Title | Generating the last date | |
Author | Nicholas J. Cox, Durham University, UK |
I have data with multiple dates. I would like to generate a new date variable containing the last date for each record. There are several missing values for these dates.
Questions like this arise in various forms, but when discussing possible answers, it is assumed that your dates are held as Stata dates. For pertinent help within Stata, start at dates and times. The background on dates in Stata is explained in more detail in [U] 24 Dealing with dates and times.
The fact that you are dealing with dates does not, for once, complicate this question. The last date is simply the maximum date. Although you should always be careful when missing values are present, you can rely on Stata's maximum functions to do the smart thing about missings. Even though in Stata the numeric missing is treated as higher than any other numeric value, the maximum is reported as missing if and only if all values are missing.
First, suppose various dates are held as distinct variables and you want to get a row-wise maximum; that is, for each observation across variables. Use egen
. egen lastdate = rowmax(date variables)
or just the maximum function (see functions for more functions) with generate
. gen lastdate = max(date variables separated by commas)
The rowmax() function is the same as rmax() in Stata 8.
In terms of the result, the choice here is immaterial. Occasionally, when using the max() function, spelling out all variable names and separating them by commas can be a little inconvenient. You might also note for future reference that egen has other functions for manipulations across variables.
Next, suppose each record in the dataset consists of one or more observations and the record for each person (company, site, whatever) is uniquely coded by an identifier, say, id. To get a maximum across groups of observations, use another egen function:
. by id: egen lastdate = max(date variable)
Here the specification by id ensures that the calculation is carried out separately for each identifier. Note also that the max() function of egen differs from the general max() function used with generate or replace.

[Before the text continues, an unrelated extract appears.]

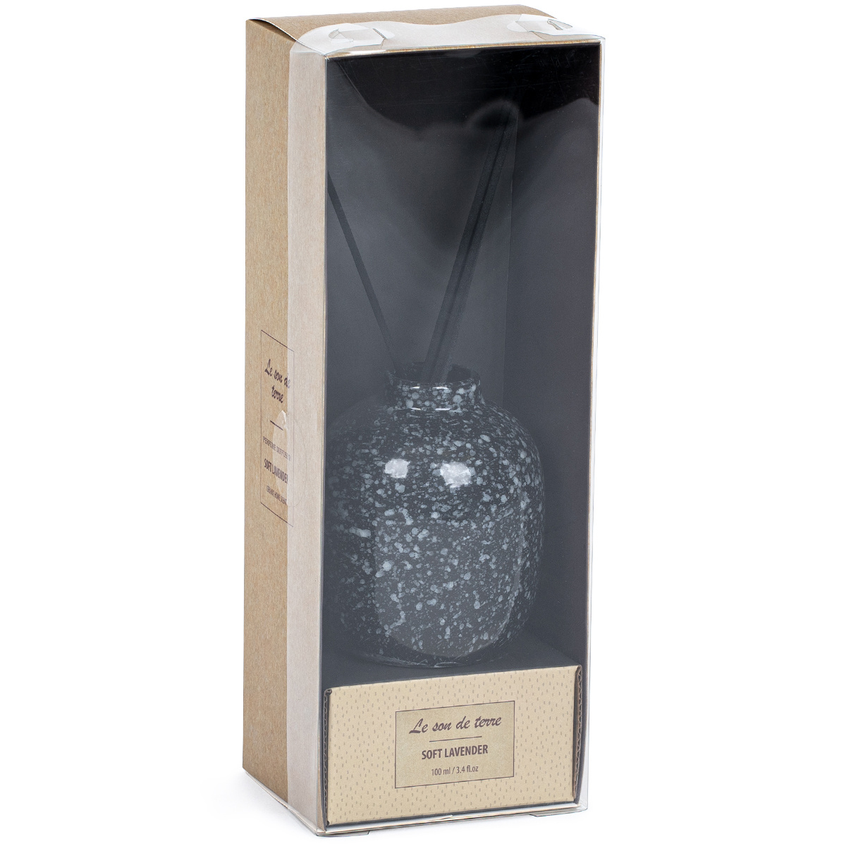 Vonný difuzér v keramickom obale s neutrálnymi farbami si obľúbite pre jeho moderný vzhľad a ľahkú levanduľovú vôňu. Nádoba je z keramiky s lesklým kamenným vzhľadom. Difúzer je doplnený šiestimi čiernymi tyčinkami. Množstvom vložených tyčiniek môžete regulovať intenzitu vône.

One detail you need to take care of yourself is attaching a date format to the new last date variable. That is, the new date variable does not inherit the format of the variables from which it is calculated. Thus for a format %tdd_m_y, type
. format lastdate %tdd_m_y
The first date of several is equally easy in Stata. The first date is, as will be clear by now, the minimum date. If anything, it is easier because, in addition to an egen way with min() or rowmin(), there are approaches from first principles, most notably for groups of observations on one variable date:
. by id (date), sort: gen firstdate = date[1]
To unpack this command line, Stata sorts on id first and then within id on date. Then, for each distinct id, the new variable firstdate is calculated as the first value, which is the minimum.
The equivalent for last date calculations,
. by id (date), sort: gen lastdate = date[_N]
will not be what you want: any missing values will end up as the last date for the ids for which they occur. (Recall that any numeric missing is treated as higher than any other numeric value, and so gets sorted to the end.) That can be fixed, but most users will find egen with max() more convenient here.
P.S. There is a tutorial on by:, _n, and _N manipulations in (Cox 2002), which explains, among other things, the special interpretation of [1] and [_N] under by:.